>>
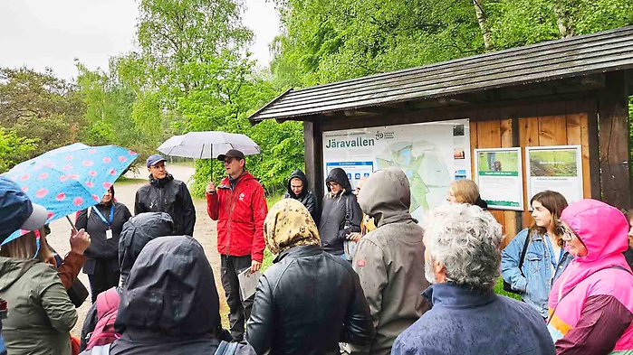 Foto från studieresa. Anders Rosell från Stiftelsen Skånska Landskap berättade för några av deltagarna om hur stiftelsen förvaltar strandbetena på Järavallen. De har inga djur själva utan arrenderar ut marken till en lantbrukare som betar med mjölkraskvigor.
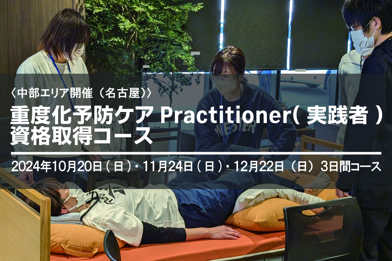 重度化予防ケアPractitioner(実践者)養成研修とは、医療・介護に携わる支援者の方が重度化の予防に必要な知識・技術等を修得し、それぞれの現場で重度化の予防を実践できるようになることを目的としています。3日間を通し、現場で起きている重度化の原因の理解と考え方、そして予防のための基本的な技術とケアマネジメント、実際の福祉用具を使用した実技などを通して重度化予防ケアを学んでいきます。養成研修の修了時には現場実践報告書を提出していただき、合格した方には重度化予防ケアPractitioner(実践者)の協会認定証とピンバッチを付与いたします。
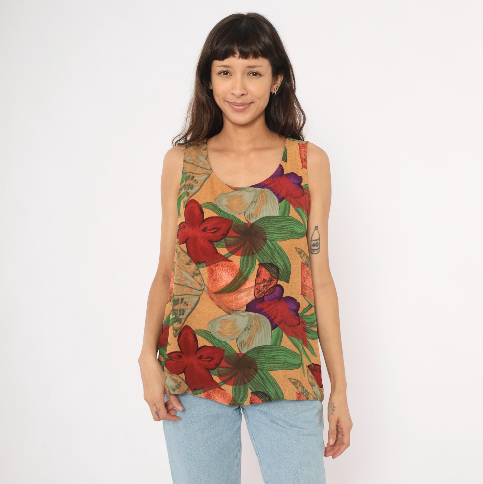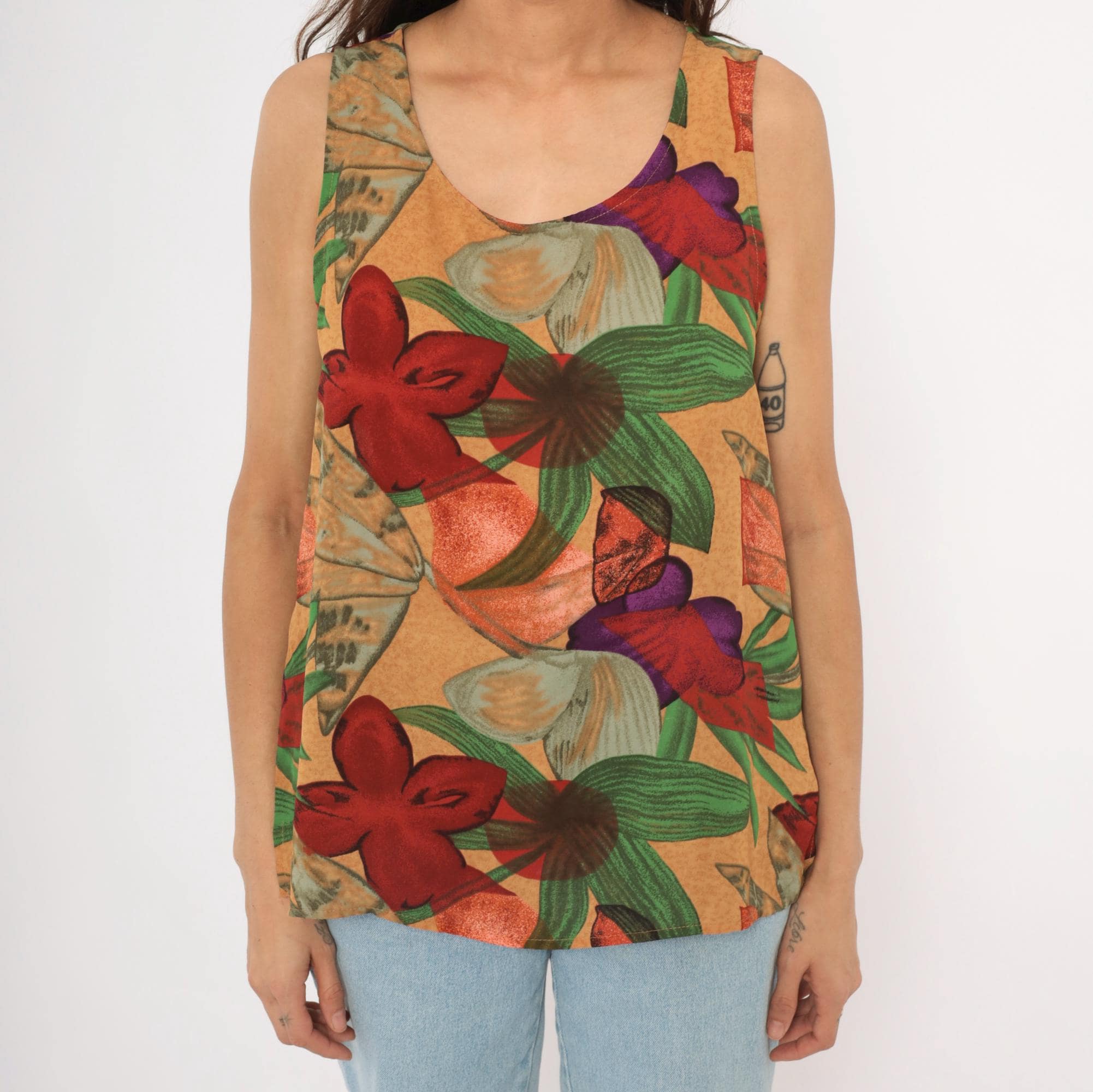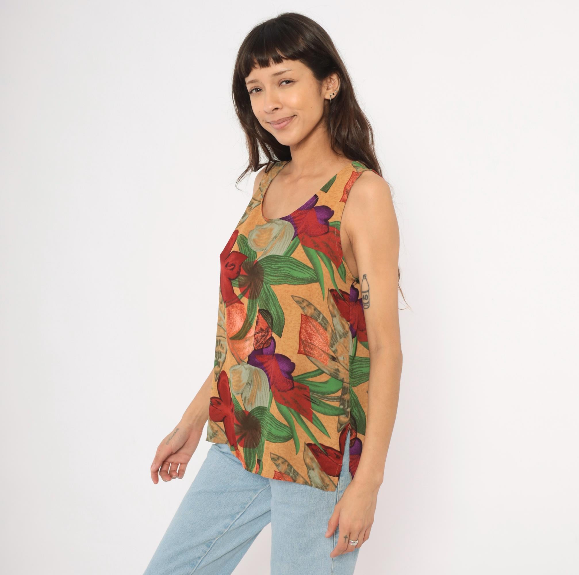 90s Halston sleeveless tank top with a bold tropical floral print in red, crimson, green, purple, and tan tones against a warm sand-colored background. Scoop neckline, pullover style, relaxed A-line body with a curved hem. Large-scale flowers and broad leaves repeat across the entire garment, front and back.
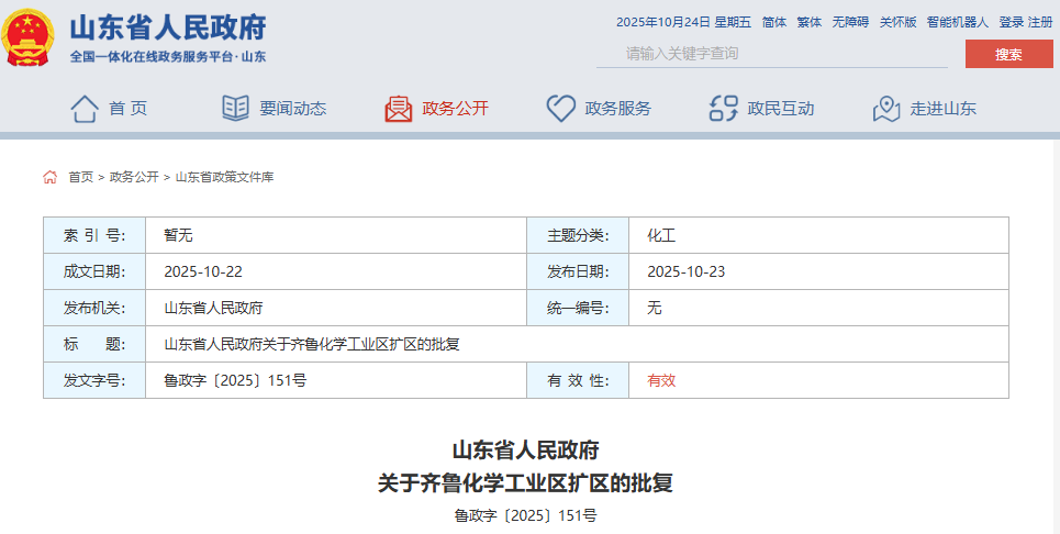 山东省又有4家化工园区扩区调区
<<
## What to do
Print the listing exactly, pictures excluded.

## The answer
 Foto från studieresa. Anders Rosell från Stiftelsen Skånska Landskap berättade för några av deltagarna om hur stiftelsen förvaltar strandbetena på Järavallen. De har inga djur själva utan arrenderar ut marken till en lantbrukare som betar med mjölkraskvigor.
 重度化予防ケアPractitioner(実践者)養成研修とは、医療・介護に携わる支援者の方が重度化の予防に必要な知識・技術等を修得し、それぞれの現場で重度化の予防を実践できるようになることを目的としています。3日間を通し、現場で起きている重度化の原因の理解と考え方、そして予防のための基本的な技術とケアマネジメント、実際の福祉用具を使用した実技などを通して重度化予防ケアを学んでいきます。養成研修の修了時には現場実践報告書を提出していただき、合格した方には重度化予防ケアPractitioner(実践者)の協会認定証とピンバッチを付与いたします。
 90s Halston sleeveless tank top with a bold tropical floral print in red, crimson, green, purple, and tan tones against a warm sand-colored background. Scoop neckline, pullover style, relaxed A-line body with a curved hem. Large-scale flowers and broad leaves repeat across the entire garment, front and back.
 山东省又有4家化工园区扩区调区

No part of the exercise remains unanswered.